Crônicas portuguesas 1: Quatro túmulos e dois cegos


Nivaldo Pereira
Publicada no Pioneiro, 13/03/2009

Oeste de Lisboa. Fustigada pelas águas inquietas da foz do Tejo, a Torre de Belém revela em suas pedras a ousadia mítica do povo que fez do mar vereda para o desconhecido. Ali perto, o Mosteiro dos Jerônimos dá testemunho, em sua arquitetura no estilo gótico manoelino, do quanto valeu a pena tal ousadia. Glória de Deus, bravura dos homens, riquezas do Brasil recém-achado, e eis a suntuosa edificação religiosa que impressiona e encanta com seu rendilhado na fachada. Dentro da igreja, um vitral faz incidir a luz da tarde sobre um túmulo portentoso, o do poeta Camões, cujos versos louvaram os feitos de Vasco da Gama, o intrépido navegador que rasgou do oceano uma nova rota para o Oriente e que repousa em outro túmulo espetacular, mais à esquerda. Gostei de vê-los ali, alinhados, o herói e seu trovador, história e poesia em parceria de eternidade.

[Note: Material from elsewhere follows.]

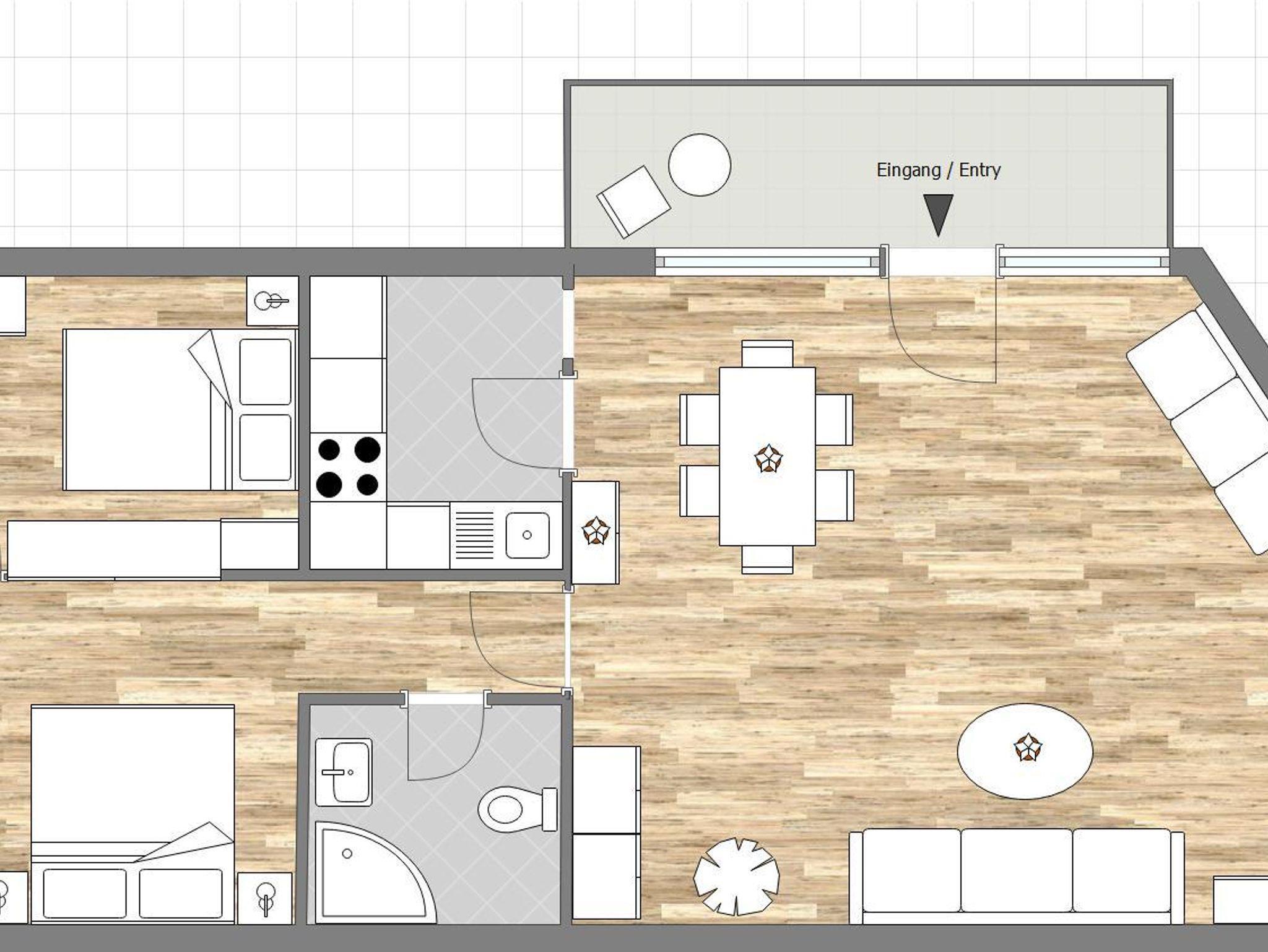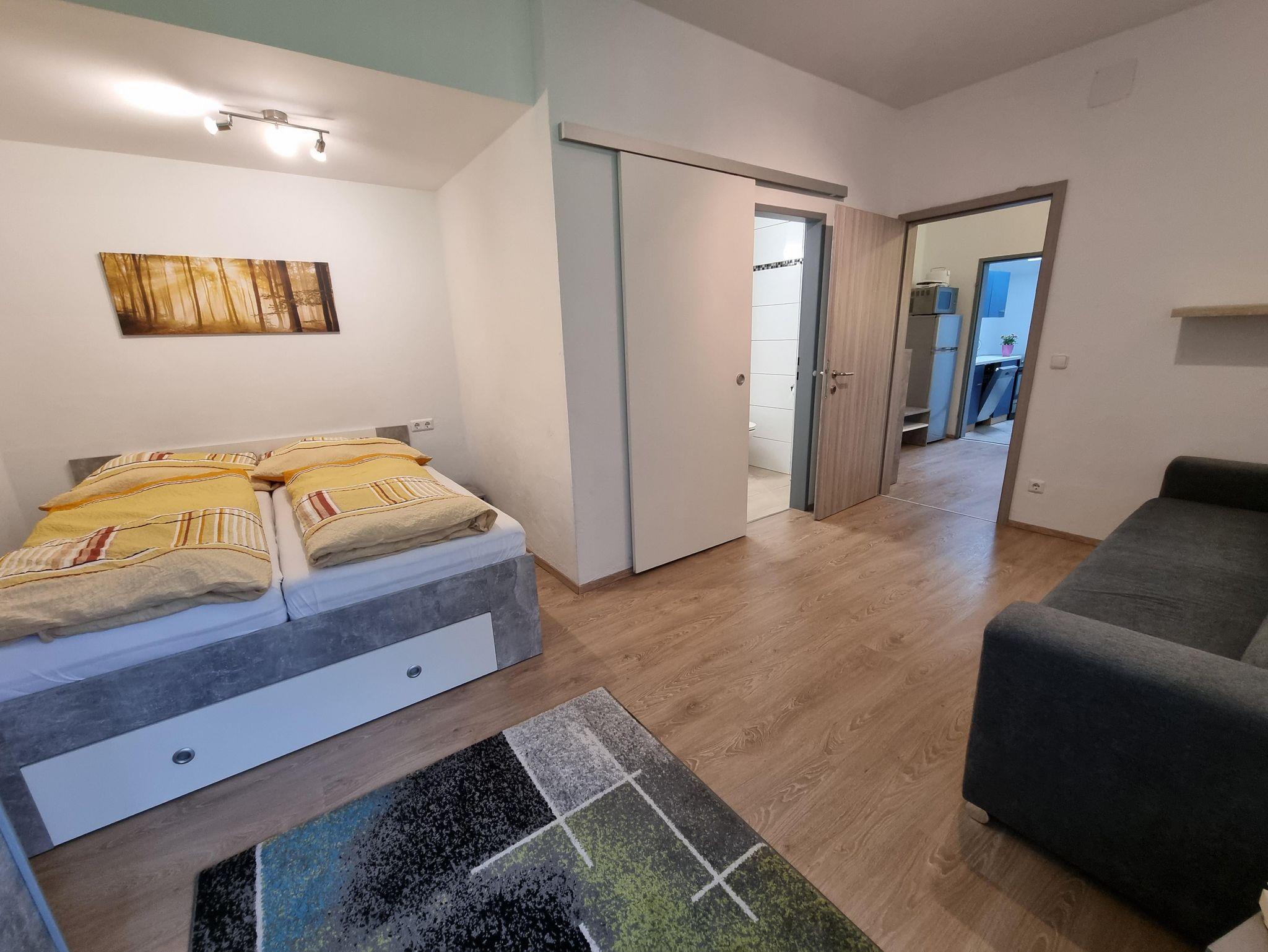 Das gemütliche Appartement bietet Platz für bis zu 6 Personen, bestehend aus 2 Schlafzimmern mit je einem Doppelbett, einem großen Wohn- / Essraum mit Doppelcouch und Schlafsofa, einer komplett ausgestatteten Küche (E-Herd, Backrohr, Mikrowelle, Kühlschrank mit Tiefkühlfach, Geschirrspüler, Kaffeemaschine, Toaster und Wasserkocher) sowie einem Badezimmer.

Mais adiante, sob um silêncio quase sólido, dou de cara com um túmulo sobre dois elefantes de pedra. A inscrição informa: Dom Sebastião. Mas é túmulo de ficção, pois o jovem rei português nunca retornou da batalha contra os marroquinos em 1578, nem seu corpo foi jamais encontrado. No entanto, esperar pela volta do rei, envolto em névoas, virou uma seita que chegou até o nordeste brasileiro. Lembro na hora dos versos de Fernando Pessoa: “Quanto é melhor, quando há bruma, / Esperar por Dom Sebastião, / Quer venha ou não!”

Logo depois, fora da igreja, no claustro do mosteiro, dá-se a surpresa. Três cubos empilhados guardam os restos mortais dele, Fernando Pessoa. Uma professora explica aos aluninhos que a poesia do Pessoa era tão imensa, que ele precisou inventar outros nomes para dar conta do dom. Aí, passa um rapaz, guiado por um cão, tendo ao braço a mão zelosa de uma senhora. Um cego muito bonito, feito modelo. As crianças olham. Eu olho. O que faria um cego num museu? Sorveria atmosferas? Versos numa das faces dos cubos de Pessoa respondem, magicamente: “Não basta abrir a janela / Para ver os campos e o rio. / Não é bastante não ser cego / Para ver as árvores e flores.”

Lágrimas em jato turvam tudo. Choro no claustro, de pena da minha cegueira.